> _YOUR INSTRUCTIONS_:
Your job is to give again, exactly and with no additions, the lines in the records below from the one with "10月16日,这是在展览现场拍摄的超高速光固化技术3D打印机。" through the one with "A delicate laurel", both included. Omit the pictures.

MATERIAL PROVIDED: Begin

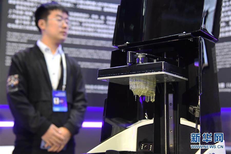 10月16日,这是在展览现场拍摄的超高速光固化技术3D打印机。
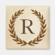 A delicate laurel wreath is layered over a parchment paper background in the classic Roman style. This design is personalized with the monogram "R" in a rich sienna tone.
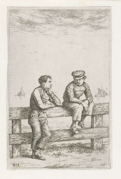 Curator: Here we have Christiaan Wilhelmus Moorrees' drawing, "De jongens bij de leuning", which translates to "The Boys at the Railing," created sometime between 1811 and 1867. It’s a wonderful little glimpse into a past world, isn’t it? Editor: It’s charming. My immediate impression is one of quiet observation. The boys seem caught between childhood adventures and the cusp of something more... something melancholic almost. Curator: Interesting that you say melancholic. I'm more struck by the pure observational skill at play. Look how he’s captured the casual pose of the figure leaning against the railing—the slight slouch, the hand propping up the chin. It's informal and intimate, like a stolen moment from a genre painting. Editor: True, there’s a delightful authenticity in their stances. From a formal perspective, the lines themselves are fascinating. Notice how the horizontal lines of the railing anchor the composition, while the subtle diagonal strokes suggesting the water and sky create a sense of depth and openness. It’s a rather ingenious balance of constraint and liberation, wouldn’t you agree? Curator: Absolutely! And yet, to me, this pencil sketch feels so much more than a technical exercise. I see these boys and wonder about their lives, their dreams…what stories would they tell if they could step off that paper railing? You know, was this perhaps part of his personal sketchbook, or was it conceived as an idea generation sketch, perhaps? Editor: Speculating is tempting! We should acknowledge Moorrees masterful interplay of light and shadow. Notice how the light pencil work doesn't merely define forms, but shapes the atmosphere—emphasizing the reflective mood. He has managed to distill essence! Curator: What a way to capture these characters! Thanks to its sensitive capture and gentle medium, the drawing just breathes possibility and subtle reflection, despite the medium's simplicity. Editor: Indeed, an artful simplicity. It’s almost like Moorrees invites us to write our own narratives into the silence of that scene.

MATERIAL PROVIDED: End
MATERIAL PROVIDED: Begin

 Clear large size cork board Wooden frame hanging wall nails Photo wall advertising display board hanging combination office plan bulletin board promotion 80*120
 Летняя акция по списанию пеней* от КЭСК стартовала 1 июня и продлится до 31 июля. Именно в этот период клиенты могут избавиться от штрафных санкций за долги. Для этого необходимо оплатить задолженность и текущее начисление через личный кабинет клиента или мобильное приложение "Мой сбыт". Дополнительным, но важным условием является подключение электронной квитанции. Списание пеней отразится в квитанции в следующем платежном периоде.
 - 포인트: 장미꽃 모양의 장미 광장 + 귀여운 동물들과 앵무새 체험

MATERIAL PROVIDED: End
MATERIAL PROVIDED: Begin

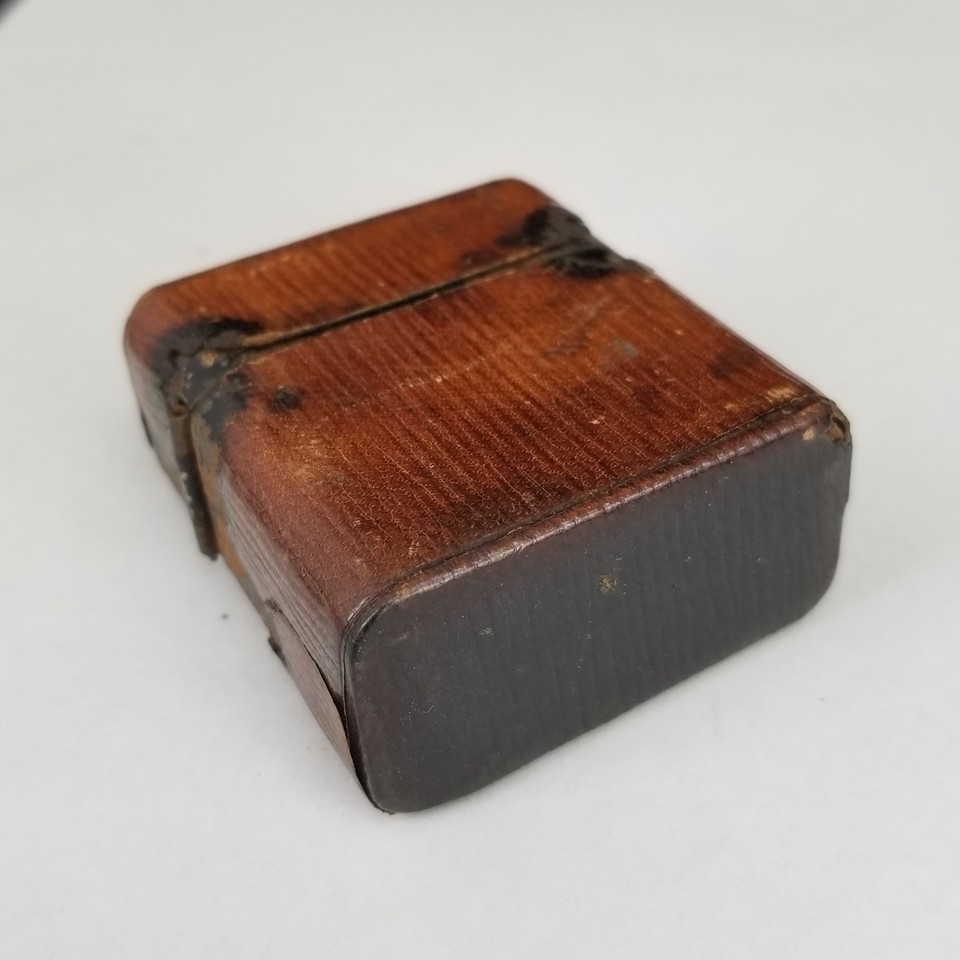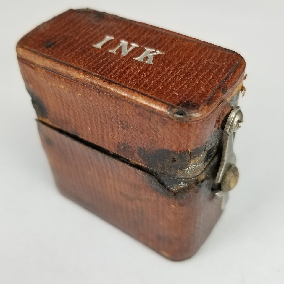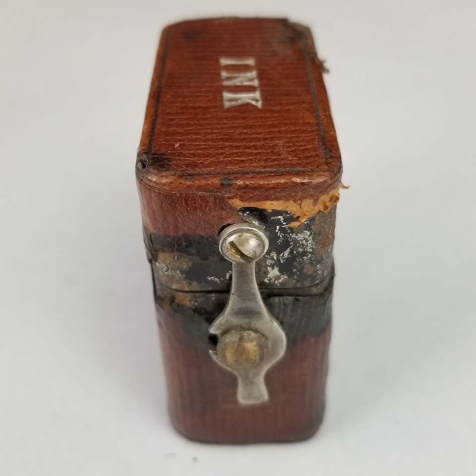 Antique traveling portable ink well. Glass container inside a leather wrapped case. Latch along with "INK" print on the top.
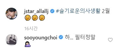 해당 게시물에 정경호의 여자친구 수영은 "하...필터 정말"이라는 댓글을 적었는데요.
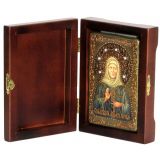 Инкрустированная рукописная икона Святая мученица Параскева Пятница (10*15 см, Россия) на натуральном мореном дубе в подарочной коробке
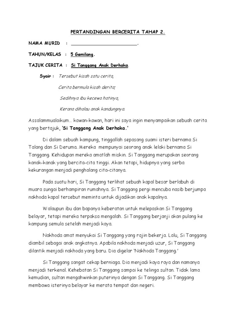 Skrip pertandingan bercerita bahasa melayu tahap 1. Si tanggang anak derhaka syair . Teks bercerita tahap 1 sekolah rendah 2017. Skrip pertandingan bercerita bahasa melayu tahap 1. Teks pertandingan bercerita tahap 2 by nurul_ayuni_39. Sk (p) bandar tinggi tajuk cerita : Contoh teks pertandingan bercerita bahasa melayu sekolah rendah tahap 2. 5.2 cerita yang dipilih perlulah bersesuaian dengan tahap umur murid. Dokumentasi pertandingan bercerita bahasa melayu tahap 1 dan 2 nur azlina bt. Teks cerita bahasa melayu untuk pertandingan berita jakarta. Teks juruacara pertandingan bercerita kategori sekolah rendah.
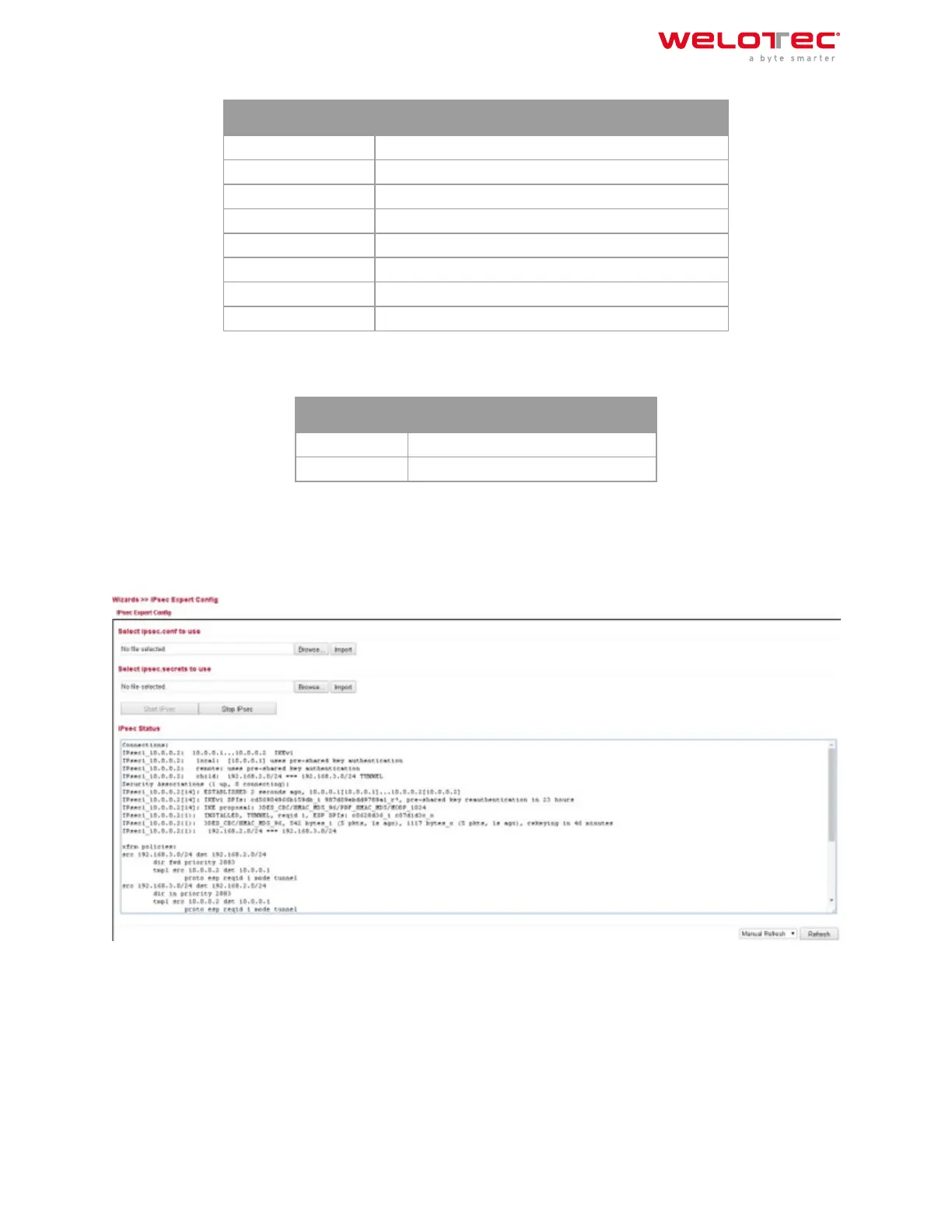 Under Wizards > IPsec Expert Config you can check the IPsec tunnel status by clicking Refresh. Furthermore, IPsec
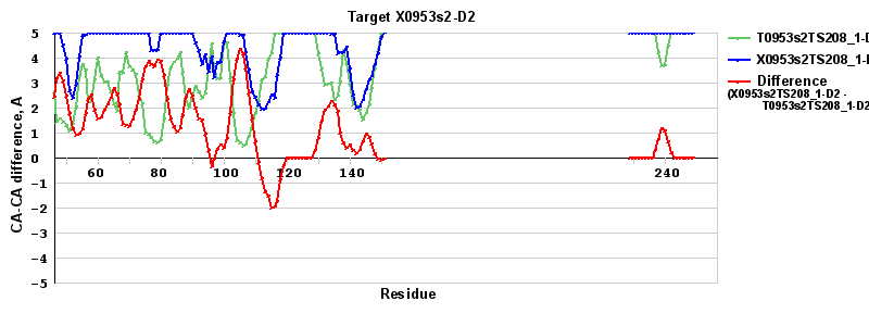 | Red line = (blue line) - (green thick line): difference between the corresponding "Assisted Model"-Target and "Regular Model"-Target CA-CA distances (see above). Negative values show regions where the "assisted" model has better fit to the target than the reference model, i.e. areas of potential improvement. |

MATERIAL PROVIDED: End

> _ANSWER TO THIS PROBLEM_:
 10月16日,这是在展览现场拍摄的超高速光固化技术3D打印机。
 A delicate laurel wreath is layered over a parchment paper background in the classic Roman style. This design is personalized with the monogram "R" in a rich sienna tone.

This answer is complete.